I allow discussion over the merits of this approach to persuasion to continue until it seems like they have a good sense of the various components that make for a compelling origin story. Then, I have them break out into groups of two or three and task each of them with coming up with one for themselves in collaboration with their partner (the best stories after all are forged in conversation). After a few minutes, I ask if anyone is struggling to think of something. Inevitably, a few will raise their hands, and to them I propose an entirely different assignment. “Can you come up with an argument designed to convince someone of the wrongness of eating meat? And unlike an origin story, I want you to try to make this argument as impersonal as you can. This should be an argument that everyone, no matter who they are or what they happen to care about, ought to accept.”
When it comes time for us reconvene and to share the stories and arguments that have been workshopped, a pattern seems to me to emerge. On the one hand, the stories are touching, mysterious; we find ourselves wanting to know more, understand why; we are reminded of similar happenings in our own lives, feel compelled to share; conversation then leads to distilling the deeper meanings and implications of these stories—theirs and ours. When a precious thing is given, I tell them, the instinctual response is to give something in return.
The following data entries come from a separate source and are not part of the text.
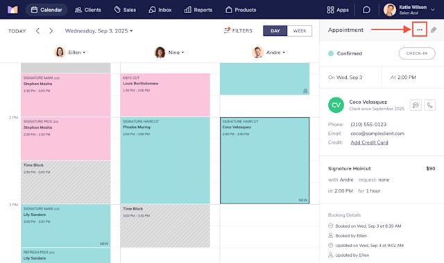 In the appointment details, select Cancel/Delete from the "..." menu.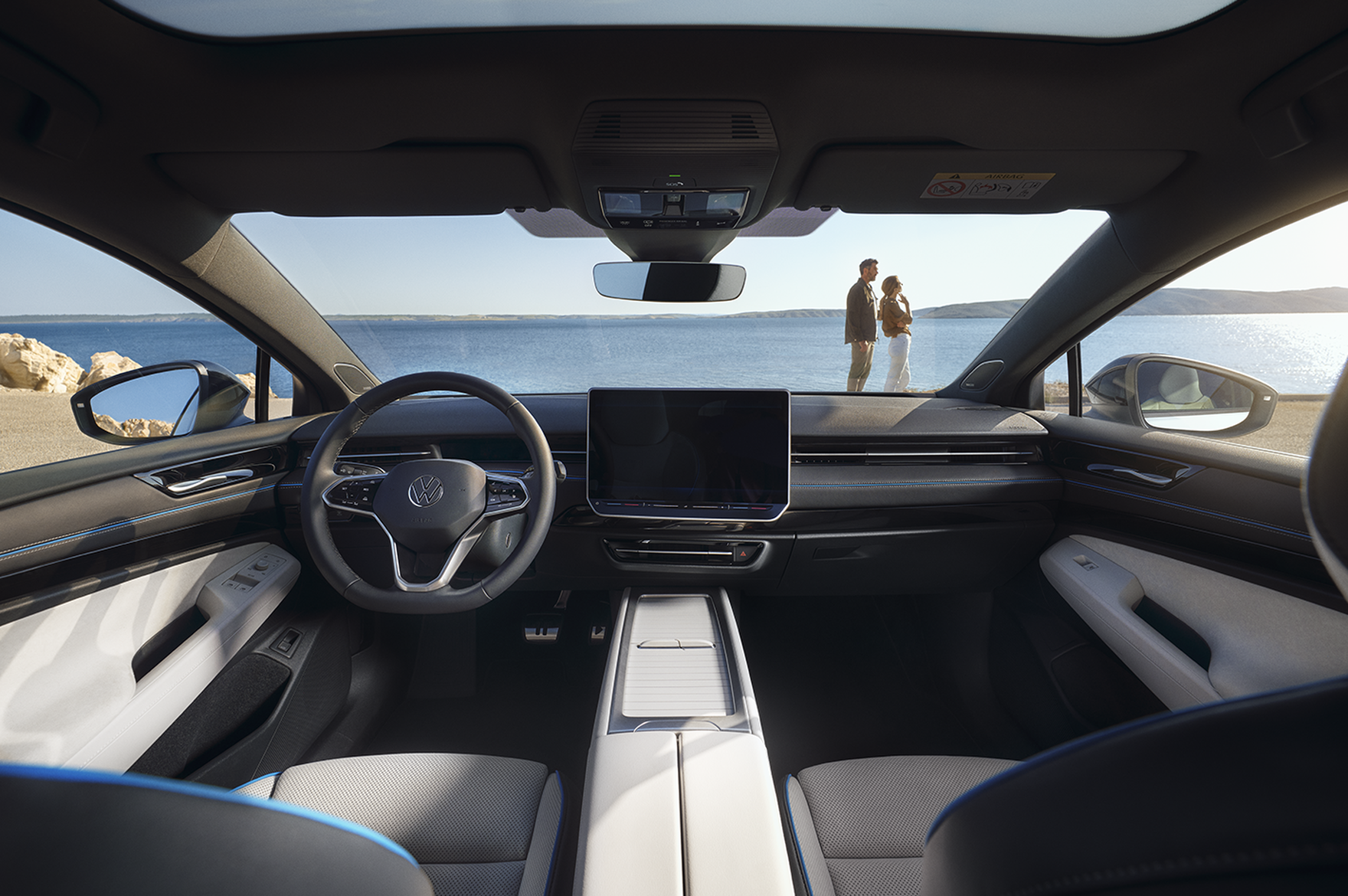 Kabina nowego Volkswagena ID.7 zapewnia nie tylko wygodną przestrzeń dla podróżujących w obu rzędach siedzeń, ale także przyjemność z obcowania z materiałami najwyższej jakości. Zasiadając we wnętrzu nietrudno dostrzec dbałość o najmniejsze szczegóły kokpitu. Elegancki charakter świetnie podkreśla obszerny opcjonalny dach panoramiczny, który może wpuszczać do środka mnóstwo światła dziennego lub zostać przyciemniony za pomocą jednego przycisku. Nowy ID.7 może być wyposażony w niezwykle wygodne fotele ergoActive Premium, które poza ergonomicznymi kształtami oferują także różne programy masażu, w tym także masaż okolic miednicy poprawiający krążenie i zmniejszający napięcie.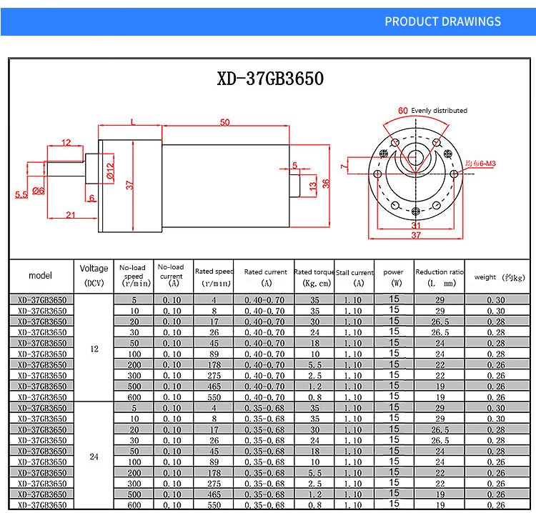 Kích thước động cơ:(L+50)*37MM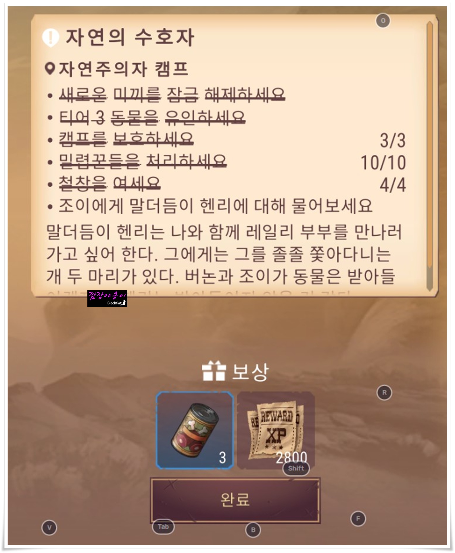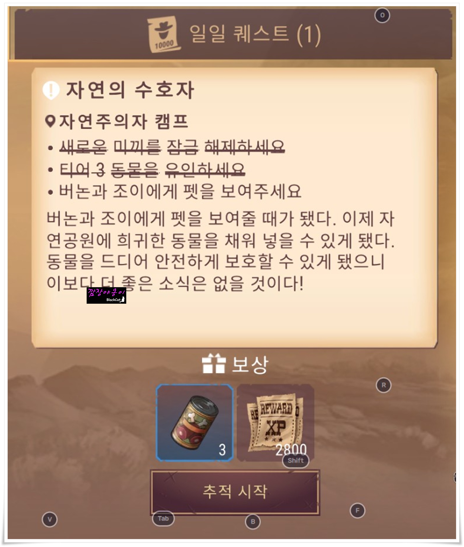 자연주의자 캠프에서 진행할 '자연의 수호자'라는 퀘스트를 얻으셨나요? 이걸로 진행을 하셔야 합니다. 이 퀘스트를 진행하기 위해선 우선적으로 3가지 선행 되어야 할 작업이 있습니다.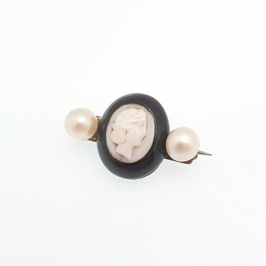 Antique Victorian Whitby Jet Cameo Brooch Cultured Pearl Pink Conch Shell Hand Carved Mourning Large 1800s Vintage Jewelry Jewellery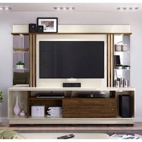 A Estante Home Gisele, com certeza será uma das melhres compras que você irá fazer! Aqui vou apresentar alguns detalhes dessa perfeição. Começando pelas portas, super modernas, ripadas que se sobrepõe, podendo formar um novo design para o ambiente. Tem espelhos laterais com iluminação em LED, prateleiras em vidro, e suporta uma TV de até 55 polegadas. O material de fabricação é MDP. Esse modelo é finalizado com os pés comuns, super discretos. Aproveite, compre já.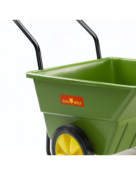 Carretilla ligerade materia sintética y estanca. Mnillar regulable de 65 a 75cm de altura. La carga se distribuye en las dos ruedas, no es necesario hacer ningún esfuerzo! Se inclina hacia adelante para llenarla o variarla fácilmente.

The arguments, on the other hand, inevitably strike us as cold and perhaps even arrogant by comparison. The speaker seems to be setting themselves up as an authority over the other, wanting to coerce them into a conclusion that was settled in advance, according to some calculus in which the other had no say. Perhaps the pattern is this, I propose to them, to share is to invite another to look along with you, calling on their sympathetic imagination, whereas to argue is to command, which is likely to be resisted because nobody likes to be told what to do.